12/13/2012 06:44 pm ET | Updated Feb 12, 2013

2012 has been a busy year for many entertainers. But try as I might, I can't come up with anyone this year who has worked in as many different mediums and genres as Steven Van Zandt, who was also honored recently at a gala by Little Kids Rock for his stellar career in music and his humanitarian work.

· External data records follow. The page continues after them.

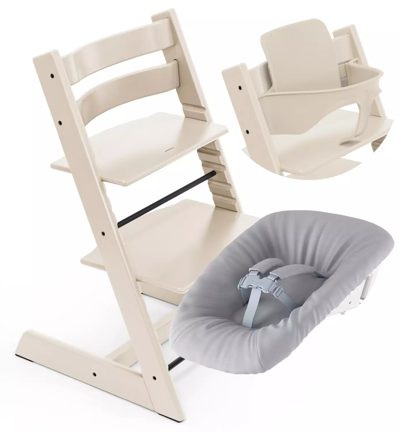 Starttipaketti vauvan ja lapsen ensimmäisiin vuosiin. Vastasyntynyt pääsee Newborn Setin kanssa perheen yhteisiin ruokahetkiin mukaan ja lähelle arjen askareita hoidettaessa. Kun vauva kasvaa ja aloittaa tutkimusmatkan ruokailun maailmaan, vaihdetaan tuoliin vauvasetti ja siitä tulee syöttötuoli.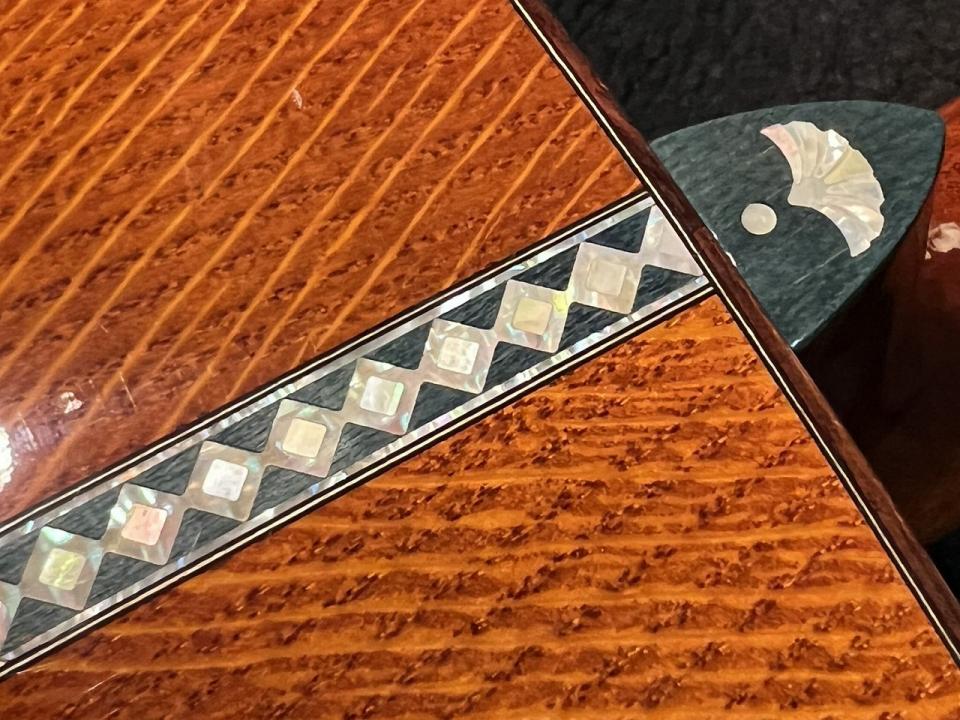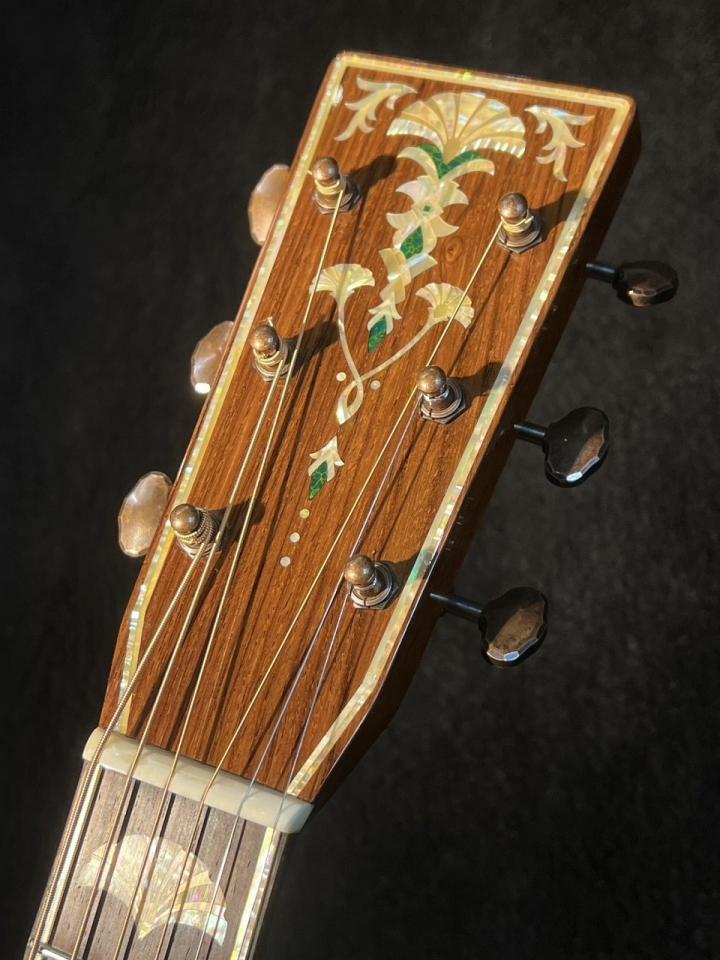 何より目を見張るのは装飾。グァテマランローズウッド製ピックガード、突板、指板を彩るデザインインレイ。それはネックヒール上にも及びます。もはや工芸品の域に達しています。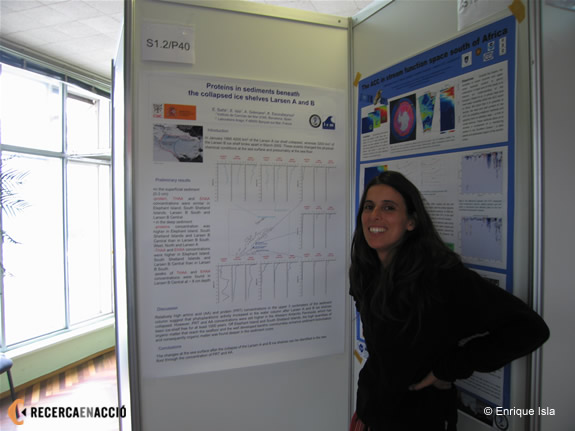 Elisabet Sañé ha publicat els primers resultats del projecte en dues reunions científiques internacionals, on va explicar com les característiques químiques del sediment estan canviant a partir del col·lapse de les plataformes de gel.

Van Zandt's most recent project is producing six concerts by the Rascals at the Capitol Theater in Port Chester, New York called Once Upon a Dream. These unprecedented six shows (funded through a successful Kickstarter campaign) start tonight, Thursday December 13th, and wrap up next Saturday December 22. If you know anything about the history of the Rascals, you'll know that this is quite an achievement. And judging by his past activities, these concerts promise to be incredible. Van Zandt does not do anything half-way, ever.

Besides the Rascals shows, let's review the rest of his year. He and his cohorts in the E Street Band just completed the first part of an 11-month world tour for Bruce Springsteen's Wrecking Ball album (more shows are planned for next year). He executive produced and starred in the Norwegian crime dramedy Lilyhammer, which drew the highest audience share ever for a TV show in Norway and was also broadcast in England, Germany, Sweden, Denmark, and France to rave reviews everywhere. In addition it was snapped up eagerly in the U.S. by Netflix as their first series production.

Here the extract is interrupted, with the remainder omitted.